# mean of continuous random variable

• Nov 14th 2009, 03:47 AM
cribby
mean of continuous random variable
This is really a calculus question, but is part of a probability problem. Apologies if I've posted in the wrong place.

I'm given a cumulative distribution function $F(x)=1-(x+1)^{-2}, x>0$ and 0 elsewhere. I use this to find the probability density function and then evaluate $P\{1, and I'm okay through all this.
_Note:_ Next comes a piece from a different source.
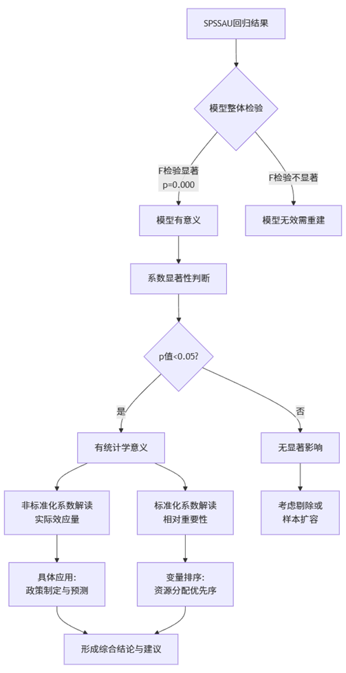 上图展示了回归分析结果的系统解读流程。从模型整体显著性检验开始,到各个系数的统计显著性判断,再分别从非标准化系数(实际效应)和标准化系数(相对重要性)两个维度进行解读,最后结合实务需求形成综合结论。SPSSAU输出的完整结果为此流程提供了所有必要信息,使分析者能够逐步完成从统计结果到实务见解的转换。

When I go to calculate the mean, $E[X]=\int_{-\infty}^{\infty}xp(x)\,dx=\int_{0}^{\infty}xp(x)\, dx$, I get a $ln(0)$ in the final step of the evaluation. Where'd I go wrong?
• Nov 14th 2009, 04:33 AM
mr fantastic
Quote:

Originally Posted by cribby
This is really a calculus question, but is part of a probability problem. Apologies if I've posted in the wrong place.

I'm given a cumulative distribution function $F(x)=1-(x+1)^{-2}, x>0$ and 0 elsewhere. I use this to find the probability density function and then evaluate $P\{1, and I'm okay through all this.

When I go to calculate the mean, $E[X]=\int_{-\infty}^{\infty}xp(x)\,dx=\int_{0}^{\infty}xp(x)\, dx$, I get a $ln(0)$ in the final step of the evaluation. Where'd I go wrong?

Since you haven't shown your working it's impossible to know where you went wrong. You might have the wrong expression for the pdf. Or you might have the correct expression but not integrated correctly. The list goes on.

For what it's worth:

1. The pdf is $f(x) = \frac{2}{(x+1)^3}$ ....

2. Pr(1 < X < 3) can be found without the pdf. It's F(3) - F(1) .....
• Nov 15th 2009, 06:14 PM
cribby
Apologies for not showing my work, but I was being intentionally vague. All I really wanted to know was whether the $ln(0)$ showing up in my evaluation of the mean was reasonable. If it was, I didn't know how to handle that. Apparently, though, I did not correctly calculate the pdf.

I would greatly appreciate a confirmation or denial of the following: With the new pdf I get a mean of 0.

And thanks for the tip on finding the probability using F. I've missed a few days of my classes lately and hadn't come across that in the text yet.
• Nov 15th 2009, 07:03 PM
BERRY
$E(X) = \int\frac{2x}{(x+1)^3}dx = \frac{-2x-1}{(x+1)^2}$

Evaluate at the bounds, you find the mean is -1.
• Nov 15th 2009, 09:14 PM
cribby
Oops...when I did the integration I was fine, but when I evaluated I only carried "2x" through the numerator...what a goon.